Error Handling and Edge Cases:
- Handle invalid URLs, timeouts, and unexpected HTML structures at the beginning of functions.
- Use early returns for handling errors (e.g., invalid responses or missing HTML elements) to avoid deeply nested conditions.
- Reserve the main parsing logic for the "happy path" to improve readability.
- Avoid unnecessary else blocks—use the if-return pattern for cleaner flow control.
- Implement error logging with logging to capture failed requests or parsing issues.
- Use retries with backoff mechanisms (e.g., tenacity) for handling transient network issues or rate-limiting responses.
Dependencies:
- requests, BeautifulSoup4, and optionally lxml for HTML parsing.

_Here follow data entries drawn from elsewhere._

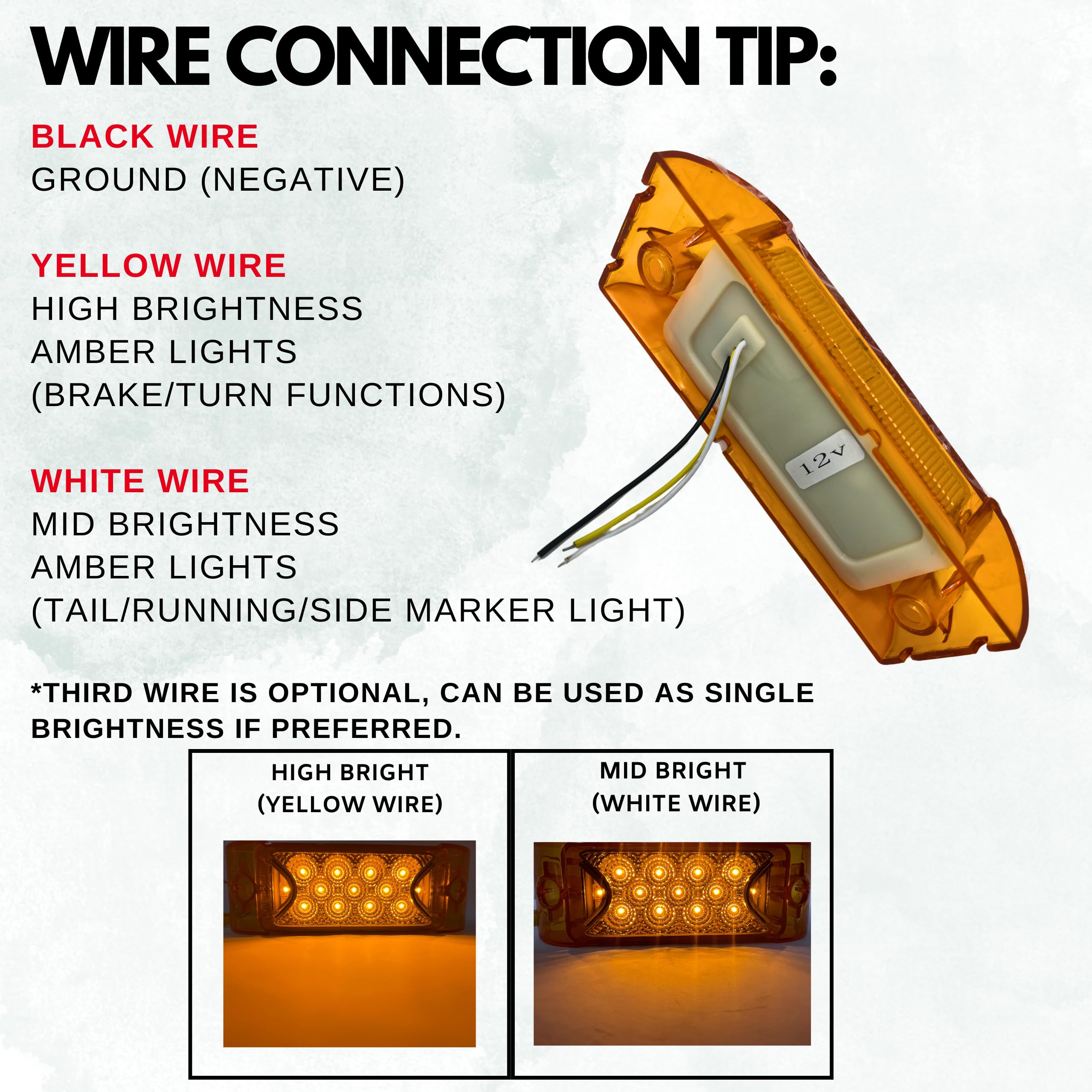 Sealed 6" x 2" Amber Side Marker Light 13 Led Rectangle / Rectangular Light Surface Mount w/reflector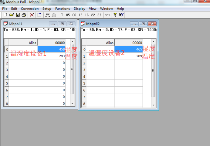 設置完成點擊OK,將顯示定義的寄存器列表以及讀取到溫濕度設備2的溫濕度數據。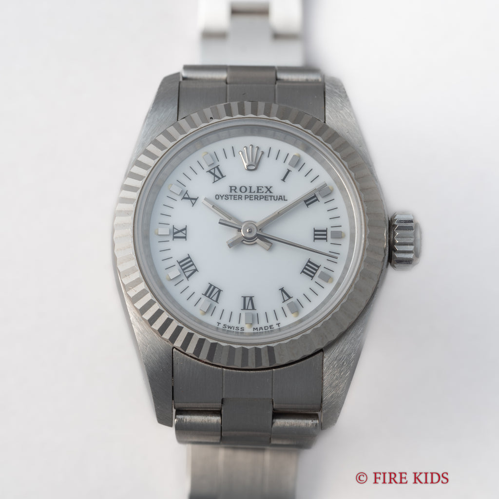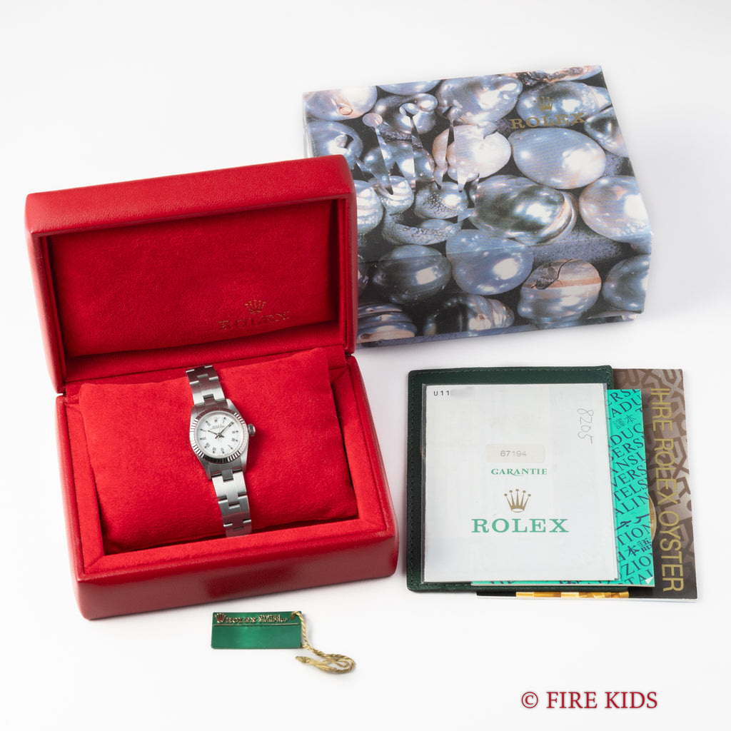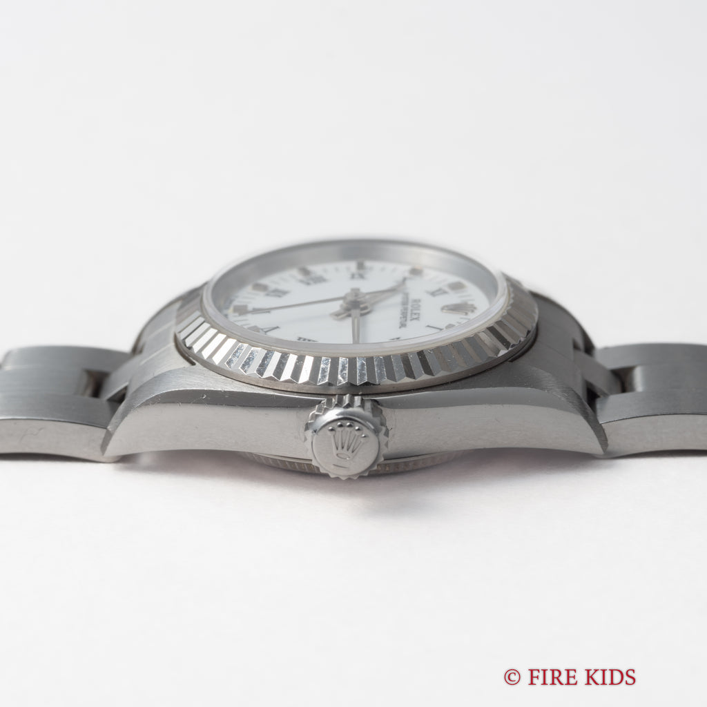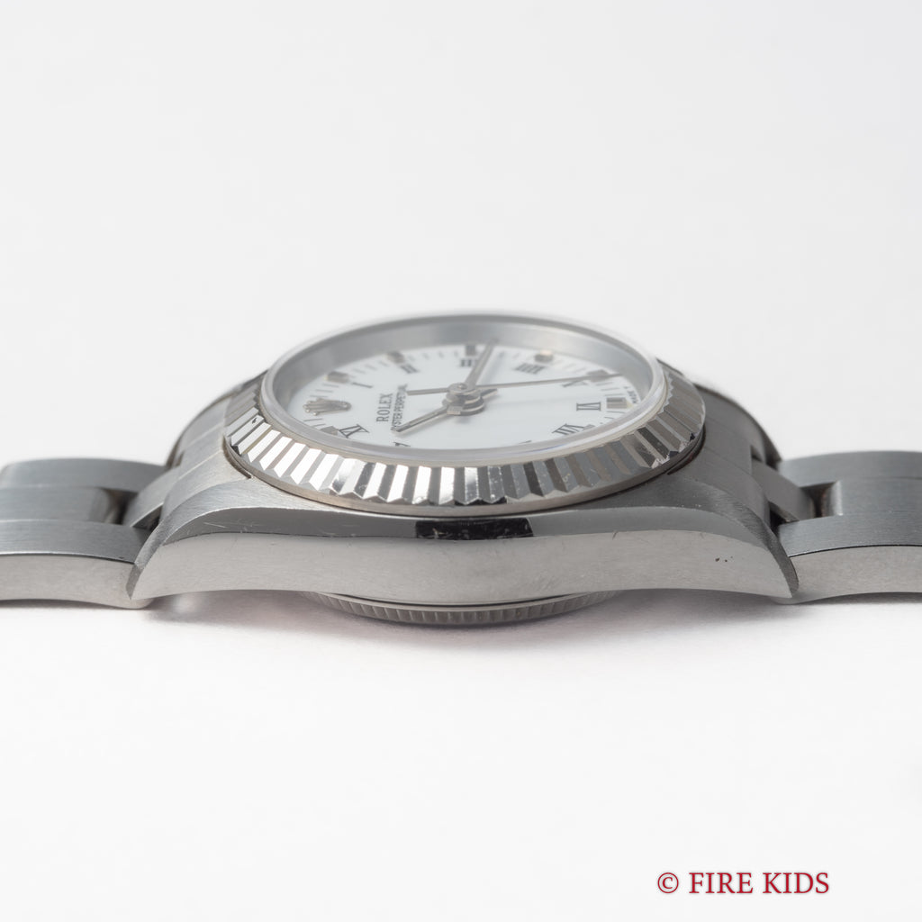 ロレックス Ref.67194 1997年製 ホワイトローマンダイヤル 箱、ギャラ、タグ、冊子付です。ホワイトローマンダイヤルにフルーテッドベゼルのエレガントな組み合わせの一本です。ダイヤル、ケースともに大きなダメージはありません。純正3連オイスターブレス付きです。裏蓋シールも残っています。箱、ギャラ、タグ、冊子付です。

- aiohttp for asynchronous scraping when dealing with large volumes of data.
- logging for detailed error logging and monitoring.
Scraping-Specific Guidelines:
- Use functions for individual tasks: sending requests, parsing HTML, handling pagination, and saving data.
- Prefer asynchronous scraping for I/O-bound tasks like making multiple requests to external servers.
- Rely on tools like lxml for faster HTML parsing and aiohttp for high concurrency in asynchronous scraping.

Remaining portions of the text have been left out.